## Exercise description
Would you retype the line that contains "Poręcz podnoszona Ergoplus" and all lines following it to the end of the entries below, exactly and without pictures?

## Data
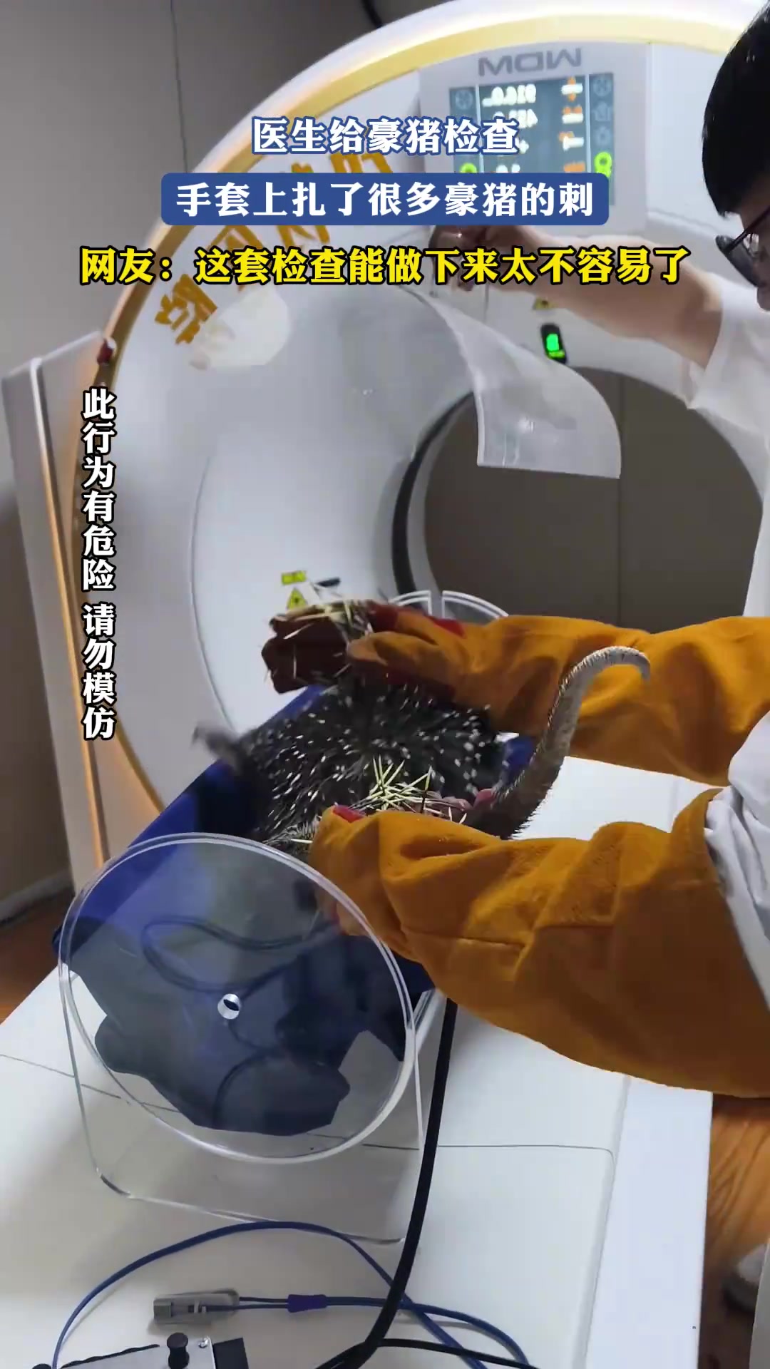 医生给豪猪检查,手套上扎了很多豪猪的刺
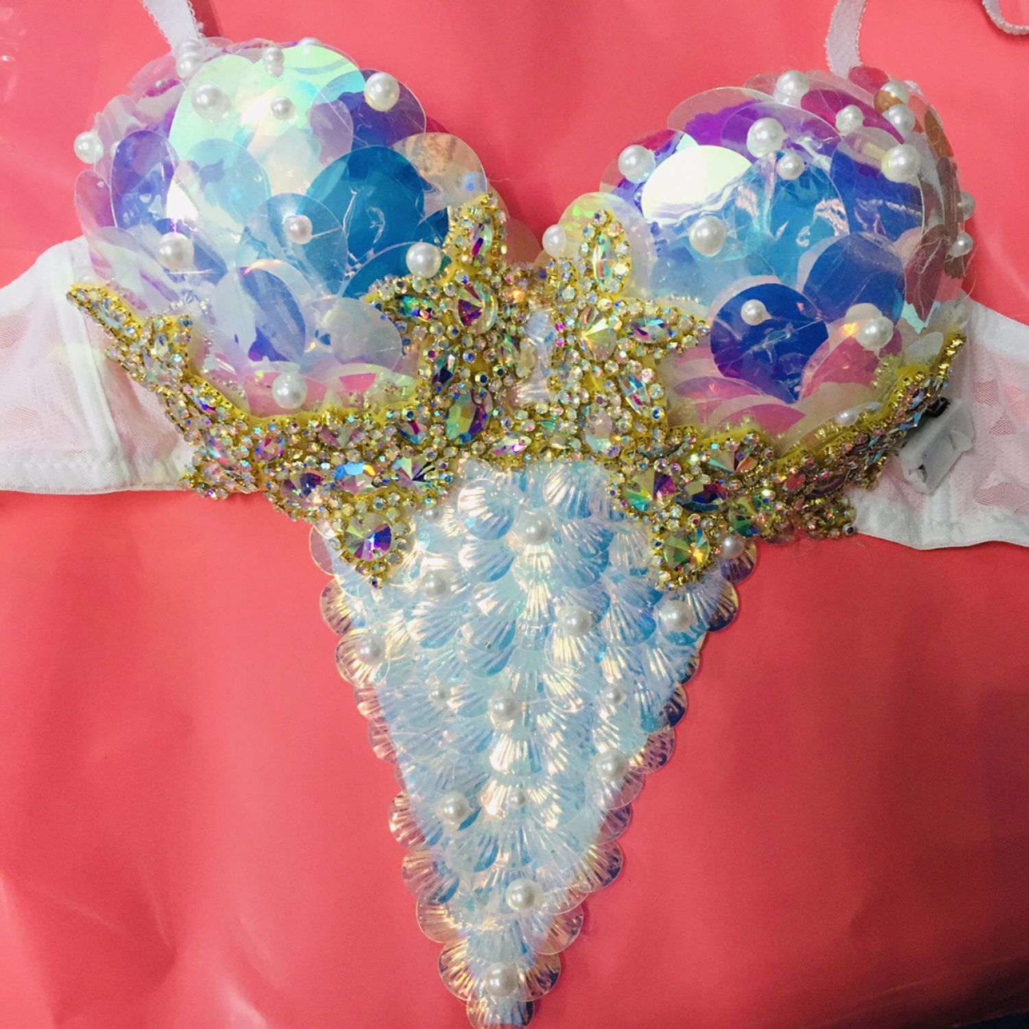 Mermaid Bra Diving Suit Fish Scale Sequins Silver S
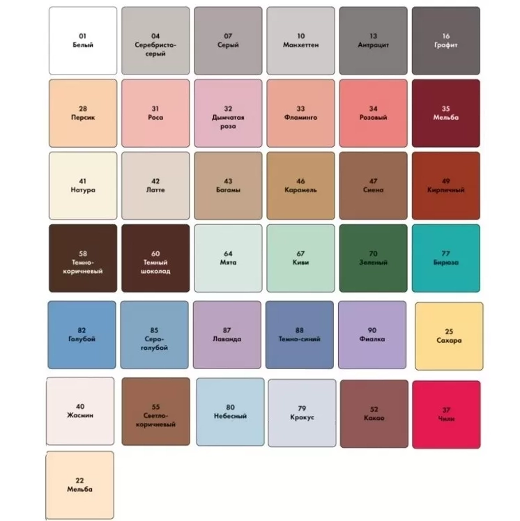 Затирка приобретает заявленный цвет по истечении 24-48 часов в зависимости от условий окружающей среды после затирания швов, выполненного в соответствии с рекомендациями по применению. Оттенок цвета готовой затирки в шве может отличаться от цвета сухой смеси; обозначенного цвета на упаковке; рекламных образцов.
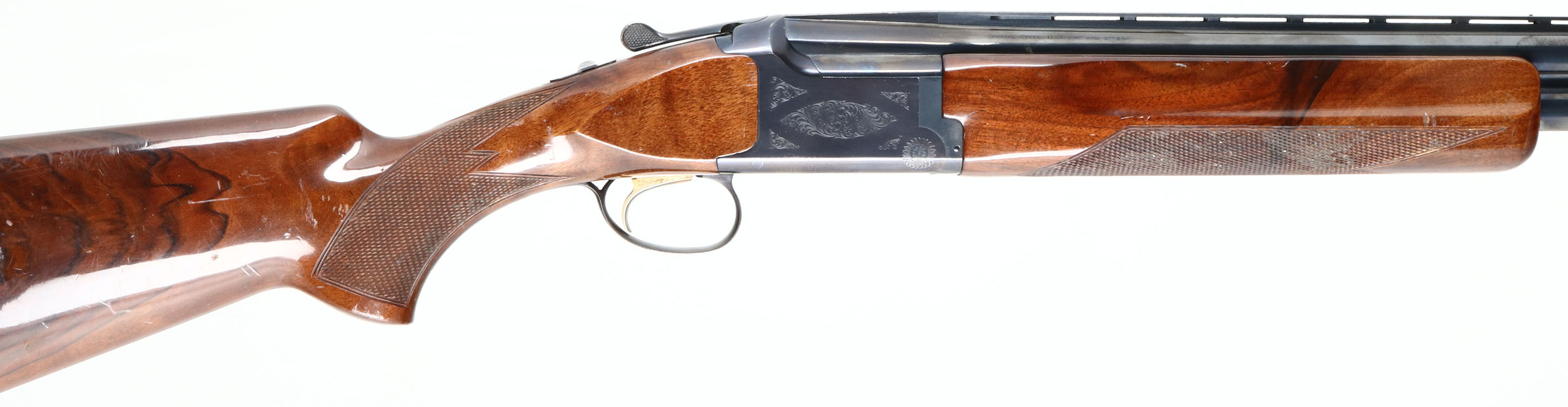 Browning, Citori, CAL: 12GA, MFG: 1986, SN: 24574PT153, Break Action O/U shotgun, Choke: Invector Choke System, 28'' Magna Ported barrels. The original, checkered flat pistol grip wood stock is excellent. There are scratches, scrapes & dings to the high gloss finish. The metal blue finish rates 95% overall. Bores are excellent. The ventilated & matted rib holds a small steel mid-rib bead & front bead. Browning ventilated brown rubber recoil pad. Comes with a set of Invector Chokes in a plastic hard case. A quality utilitarian shotgun. LOP: 14 1/4'' overpad, DAH: 1 3/4'', DAC: 1 3/16''. FFL Req. - Value: 700 to 1200
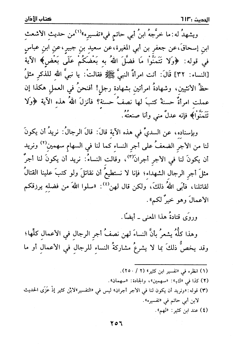 ويشهد له: ما خرجه ابن أبي حاتم في "تفسيره" من حديث الاشعث بن إسحاق، عن جعفر بن أبي المغيرة، عن سعيد بن جبير، عن أبي عباس، في قوله: {وَلا تَتَمَنَّوْا مَا فَضَّلَ اللَّهُ بِهِ بَعْضَكُمْ عَلَى بَعْضٍ} [النساء: 32] الاية، قال: اتت امرأة النبي - صَلَّى اللهُ عَلَيْهِ وَسَلَّمَ -، فقالت: يا نبي الله، للذكر مثل حظ الانثيين، وشهادة امراتين بشهادة الرجل، أفنحن في العمل هكذا، ان عملت امراة حسنة كتب لها نصف حسنة، فانزل الله هذه الاية {وَلا تَتَمَنَّوْا} ، فانه عدل مني، وانا صنعته.
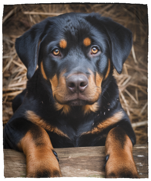 Wrap yourself in a cozy luxurious velvety soft blanket featuring an adorable rottweiler design. This soft and plush blanket is perfect for cuddling up on chilly nights or adding a touch of canine charm to your living space. Crafted with care and printed with vivid color, our fleece blanket with Rottweiler motif is a must-have for all dog lovers seeking warmth and style in one delightful package. Available in three sizes: 30x40", 50x60", 60x80". One sided print.
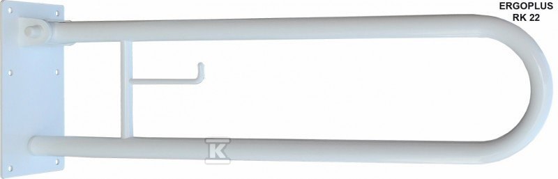 Poręcz podnoszona Ergoplus 60 cm do WC z uchwytem na papier toaletowy, malowana proszkowo, biała o numerze katalogowym RK22 w kategorii Dostępna łazienka, poręcze dla niepełnosprawnych, Akcesoria łazienkowe. Produkt wyprodukowany przez markę EKOTECH, seria CLASSIC.
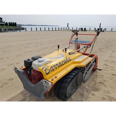The new advance Barracuda beach cleaner takes advantage of the new track drive suspension system. This prevents compaction and adds in the operators comfort with less effort in controlling and less vibration compared to older models. The Barracuda is an excellent choice for working on the sensitive beach environment and because of its size; it will produce less disruption to sand areas. The Barracuda beach cleaner has a 35" working width, designed for sand areas in the small to medium size range and well suited for soft sand.
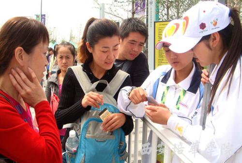 我校志愿者20个小组、在贵宾接待处、出入口管理处、票务中心、长安花谷、媒体中心等岗点上,以良好的适应能力和较强的服务意识得到了园区管理人员的充分肯定。尤其是在轮椅租赁处服务的04组更是用完美的服务迎来了最近几天第一个轮椅租赁处的零投诉日。
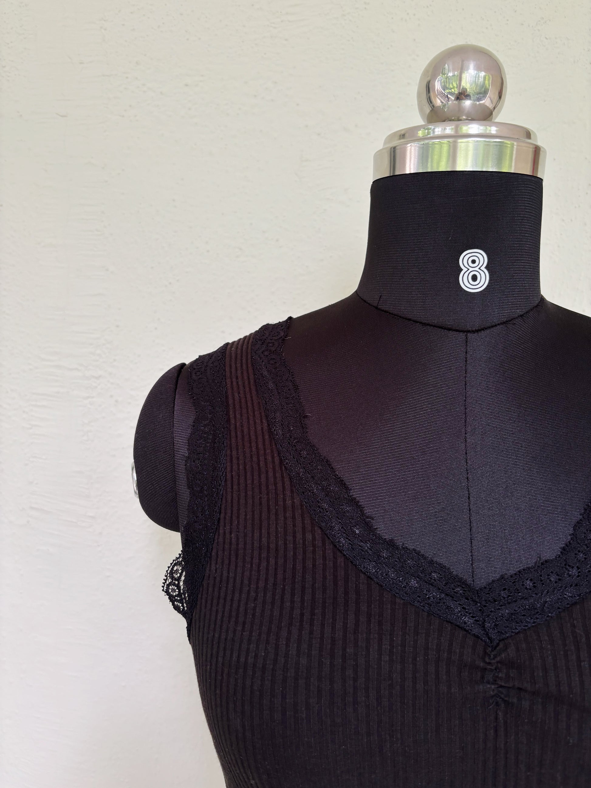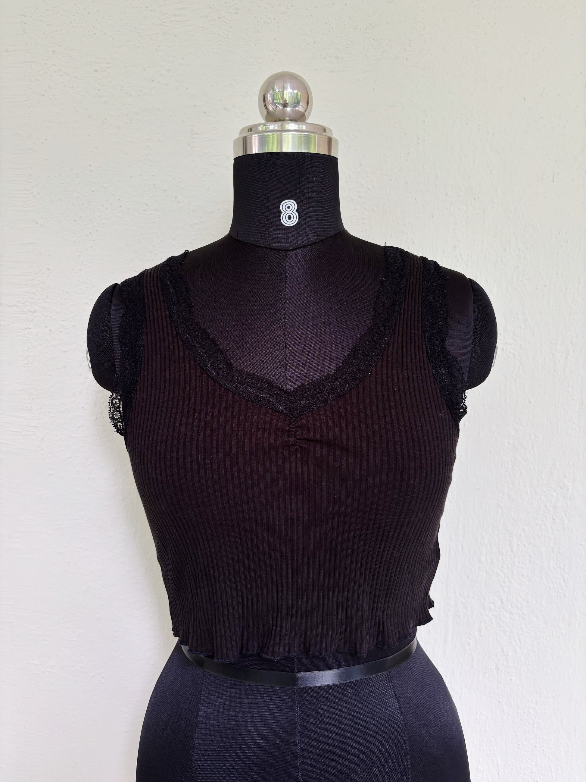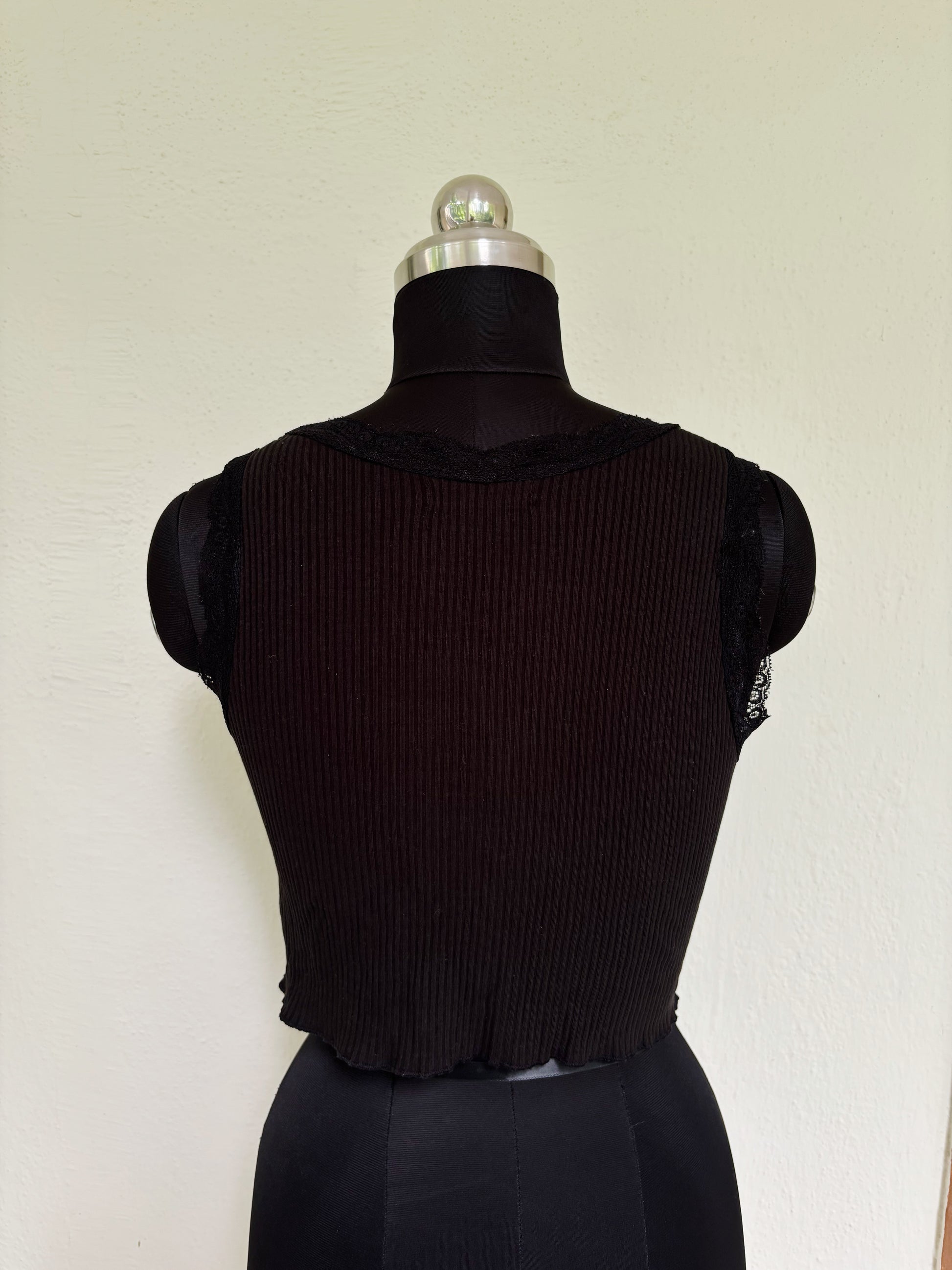 Bust 32 ( stretches upto 40) inches. Length 15 inches. Lace. Knit.

## Response to this task
 Poręcz podnoszona Ergoplus 60 cm do WC z uchwytem na papier toaletowy, malowana proszkowo, biała o numerze katalogowym RK22 w kategorii Dostępna łazienka, poręcze dla niepełnosprawnych, Akcesoria łazienkowe. Produkt wyprodukowany przez markę EKOTECH, seria CLASSIC.
The new advance Barracuda beach cleaner takes advantage of the new track drive suspension system. This prevents compaction and adds in the operators comfort with less effort in controlling and less vibration compared to older models. The Barracuda is an excellent choice for working on the sensitive beach environment and because of its size; it will produce less disruption to sand areas. The Barracuda beach cleaner has a 35" working width, designed for sand areas in the small to medium size range and well suited for soft sand.
 我校志愿者20个小组、在贵宾接待处、出入口管理处、票务中心、长安花谷、媒体中心等岗点上,以良好的适应能力和较强的服务意识得到了园区管理人员的充分肯定。尤其是在轮椅租赁处服务的04组更是用完美的服务迎来了最近几天第一个轮椅租赁处的零投诉日。
 Bust 32 ( stretches upto 40) inches. Length 15 inches. Lace. Knit.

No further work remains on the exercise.